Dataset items
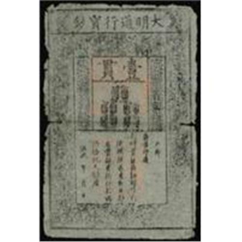 <style type="text/css"> body, td, th { font-family: Arial, Helvetica, sans-serif; font-size: 12px; color: #482424; margin: 0px; padding: 0px; } #header { background-image: url(http://www.bowersandmerena.com/ebay/images/template_v3_01.gif); clear: both; background-color: #590303; border-top-width: 2px; border-top-style: solid; border-top-color: #B38C4F; } #header #header_wrapper { height: 75px; clear: both; width: 800px; margin-right: auto; margin-left: auto; background-image: url(http://www.bowersandmerena.com/ebay/images/template_v3_03.gif); background-repeat: no-repeat; background-position: right; color: #F3EDCC; } #header #header_wrapper #header_logo { float: left; height: 75px; width: 444px; background-image: url(http://www.bowersandmerena.com/ebay/images/template_v3_02.gif); background-repeat: no-repeat; font-size: 10px; text-transform: capitalize; color: #B38C4F; } #header #header_wrapper #header_right { float: left; height: 75px; width: 356px; text-align: right; } #header #header_wrapper #header_right #headerLoginBtn { margin-bottom: 30px; } #header #header_wrapper #header_right input#txtSearch { color: #B49056; border: 1px solid #B49056; width: 175px; padding-top: 3px; padding-right: 3px; padding-bottom: 4px; padding-left: 3px; } #nav { height: 37px; background-image: url(http://www.bowersandmerena.com/ebay/images/template_v3_05.gif); clear: both; } #nav #nav_wrapper { height: 35px; width: 800px; margin-right: auto; margin-left: auto; border-left-width: 1px; border-left-style: solid; border-left-color: #B38C4F; } #nav #nav_wrapper a { padding-right: 15px; padding-left: 15px; border-right-width: 1px; border-right-style: solid; border-right-color: #B38C4F; height: 25px; padding-top: 10px; display: block; float: left; text-decoration: none; font-weight: bold; color: #5D0303; } #nav #nav_wrapper a:hover { color: #B38C4F; } #nav #nav_wrapper #search { float: right; padding-top: 7px; } #nav #nav_wrapper #search #txtSearch { font-family: Arial, Helvetica, sans-serif; font-size: 10px; text-transform: uppercase; color: #D2AE75; border: 1px solid #B38C4F; padding: 3px; } #content_bgd { background-image: url(http://www.bowersandmerena.com/ebay/images/template_v3_09.gif); background-repeat: repeat-y; background-position: center; padding-top: 15px; padding-bottom: 15px; background-color: #FBFBDB; } #content_wrapper { clear: both; height: auto; width: 800px; margin-right: auto; margin-left: auto; } .LotDetailWhite { line-height:normal; font-size:13px; font-family: arial,helvetica,sans-serif; color: White; font-weight: bold; } .LotDetailInformation { line-height:normal; font-size: 13px; font-family: arial,helvetica,sans-serif; } .LotDetailMessage { line-height:normal; font-size: 13px; font-family: arial,helvetica,sans-serif; color: red; } } tr.HeaderAuctionTitle td { color: #000000; font-weight: bold; padding: 2px; background-image: url(http://www.bowersandmerena.com/ebay/images/template_v3_05.gif); background-repeat: repeat-x; border-bottom-width: 1px; border-bottom-style: solid; border-bottom-color: #B38C4F; } table.AuctionSummary a, table.AuctionSummary a:link, table.AuctionSummary a:visited { color: #0000FF; text-decoration: none; } } td.tableHeaderLeft { border-left-width: 1px; border-left-style: solid; border-left-color: #B38C4F; } td.tableHeaderRight { border-right-width: 1px; border-right-style: solid; border-right-color: #B38C4F; } td.tableCellMiddle { border-left-width: 1px; border-left-style: solid; border-left-color: #B38C4F; border-right-width: 1px; border-right-style: solid; border-right-color: #B38C4F; padding: 5px; } tr.footer td { border-top-width: 1px; border-top-style: solid; border-top-color: #B38C4F; } </style> </head> <body> <div id="header"> <div id="header_wrapper"> <div id="header_logo"> </div> <div id="header_right"> </div> </div> </div> <div id="nav"> <div id="nav_wrapper"> <a href="http://www.bowersandmerena.com">Our eBayLive Auctions</a> <a href="#PaymentInfo">Payment Information</a> <a href="#ShippingInfo">Shipping Information</a> <a href="#About">About Bowers and Merena</a> </div> </div> <div id="content_bgd"> <div id="content_wrapper"> <table width="100%" border="0" cellpadding="5" cellspacing="0" class="AuctionSummary"> <tbody> <tr class="HeaderAuctionTitle" style="height: 25px;"> <td align="left" class="tableHeaderLeft" > </td> <td align="center" class="tableHeaderRight"> <span style="font-size: large;">Lot #1. China--Empire. Ming Dynasty.</span> </td> </tr> <tr> <td colspan="3" class="tableCellMiddle"> P-AA10, One Kuan 1368-99. 10 strings of cash coins on mulberry bark paper. Portions of vermilion seals visible. Despite edge roughness and small split at right center, a very desirable example of the earliest collectible note in overall VG-Fine condition. It is said that a "bundle" of these notes was discovered under a statue of Buddha during the Boxer Rebellion. They have become quite scarce in today's expanding market.
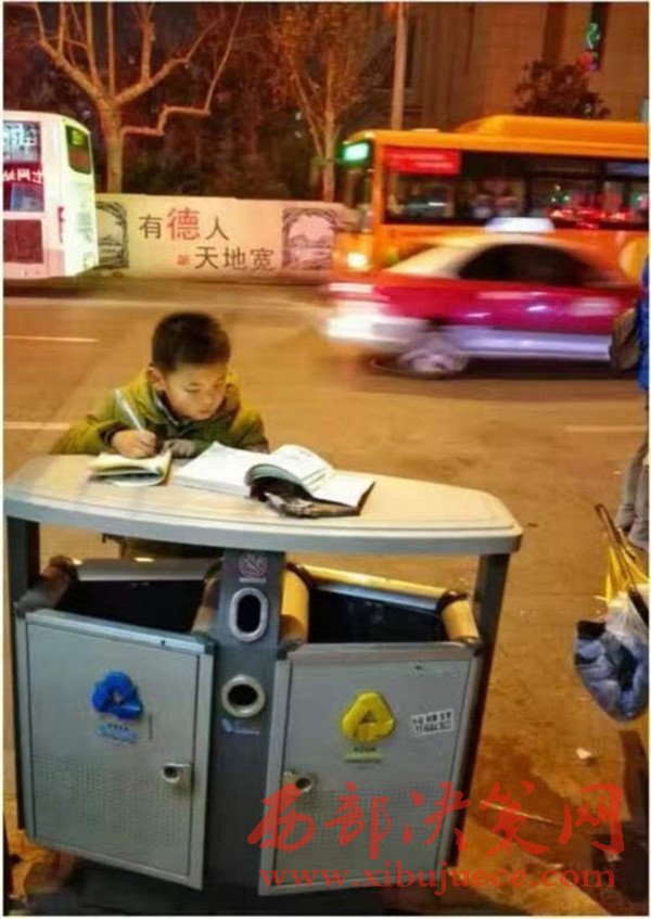 原標(biāo)題:寒夜中 這個(gè)8歲男孩趴在垃圾桶上寫(xiě)作業(yè)
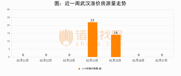 根据诸葛找房数据显示,武汉24小时涨价房源量为0套,较02月26日持平。
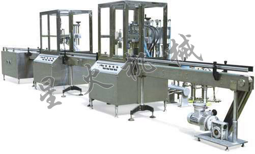 | 旋轉式灌裝機技術參數: 灌裝閥個數:12個 灌裝容量:0.1-2L 灌裝精度:±1% 灌裝物粘度:7-370 cp(50℃) 壓縮空氣壓力:0.4-0.6MPa 壓縮空氣消耗量:0.1M/3M 較大生產功率:3000瓶/時 (100ml) 主傳動電機功率:2.2kw(3相 380V 50Hz) 外形尺寸:2100×2370×2700 mm (長×寬×高) 重量:2000 kg | 自動旋蓋機(配振盤式送蓋機,不同規格瓶蓋需更換振盤)技術參數: 適用瓶身直徑:50-90mm 適用瓶蓋直徑:18-50mm 驅動電機:370W 輸送速度:5-15米/分鐘 輸送帶寬度:82毫米 輸送帶:賽鋼鏈片式 生產能力:>3000瓶/分鐘 額定電壓:220V/50Hz 整機功率:800W 輸送帶離地高度:750毫米±20毫米 | 立式貼標機技術參數: 額定電壓:220V/50Hz 整機功率:1000W 外型尺寸:1700×1100×1300 mm 整機重量:200Kg 適用產品范圍:外徑20-90mm,高度50-230mm 適用標簽范圍:高15-100mm, 長 20-300 mm 生產能力:>3000瓶/小時(包括貼標和噴碼) |
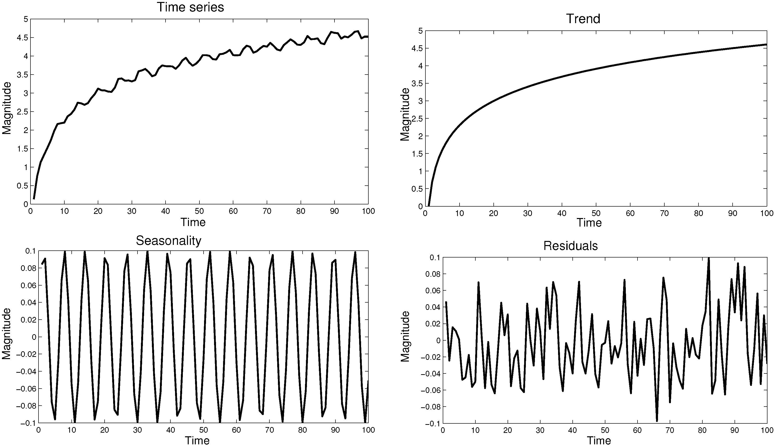 - Residuals. Once the trend and cyclic oscillations have been calculated and removed, some residual values remain. These values can be, sometimes, high enough to mask the trend and the seasonality. In this case, the term outlier is used to refer these residuals, and robust statistics are usually applied to cope with them [18]. These fluctuations can be of diverse origin, which makes the prediction almost impossible. However, if by any chance, this origin can be detected or modeled, they can be thought of precursors in trend changes.

EXERCISE INSTRUCTIONS: Nothing but the lines from the line containing "mm 生產能力:>3000瓶/小時(包括貼標和噴碼) |" through the last line of the records above should be written out, exactly and without the pictures.

EXERCISE SOLUTION:
 | 旋轉式灌裝機技術參數: 灌裝閥個數:12個 灌裝容量:0.1-2L 灌裝精度:±1% 灌裝物粘度:7-370 cp(50℃) 壓縮空氣壓力:0.4-0.6MPa 壓縮空氣消耗量:0.1M/3M 較大生產功率:3000瓶/時 (100ml) 主傳動電機功率:2.2kw(3相 380V 50Hz) 外形尺寸:2100×2370×2700 mm (長×寬×高) 重量:2000 kg | 自動旋蓋機(配振盤式送蓋機,不同規格瓶蓋需更換振盤)技術參數: 適用瓶身直徑:50-90mm 適用瓶蓋直徑:18-50mm 驅動電機:370W 輸送速度:5-15米/分鐘 輸送帶寬度:82毫米 輸送帶:賽鋼鏈片式 生產能力:>3000瓶/分鐘 額定電壓:220V/50Hz 整機功率:800W 輸送帶離地高度:750毫米±20毫米 | 立式貼標機技術參數: 額定電壓:220V/50Hz 整機功率:1000W 外型尺寸:1700×1100×1300 mm 整機重量:200Kg 適用產品范圍:外徑20-90mm,高度50-230mm 適用標簽范圍:高15-100mm, 長 20-300 mm 生產能力:>3000瓶/小時(包括貼標和噴碼) |
 - Residuals. Once the trend and cyclic oscillations have been calculated and removed, some residual values remain. These values can be, sometimes, high enough to mask the trend and the seasonality. In this case, the term outlier is used to refer these residuals, and robust statistics are usually applied to cope with them [18]. These fluctuations can be of diverse origin, which makes the prediction almost impossible. However, if by any chance, this origin can be detected or modeled, they can be thought of precursors in trend changes.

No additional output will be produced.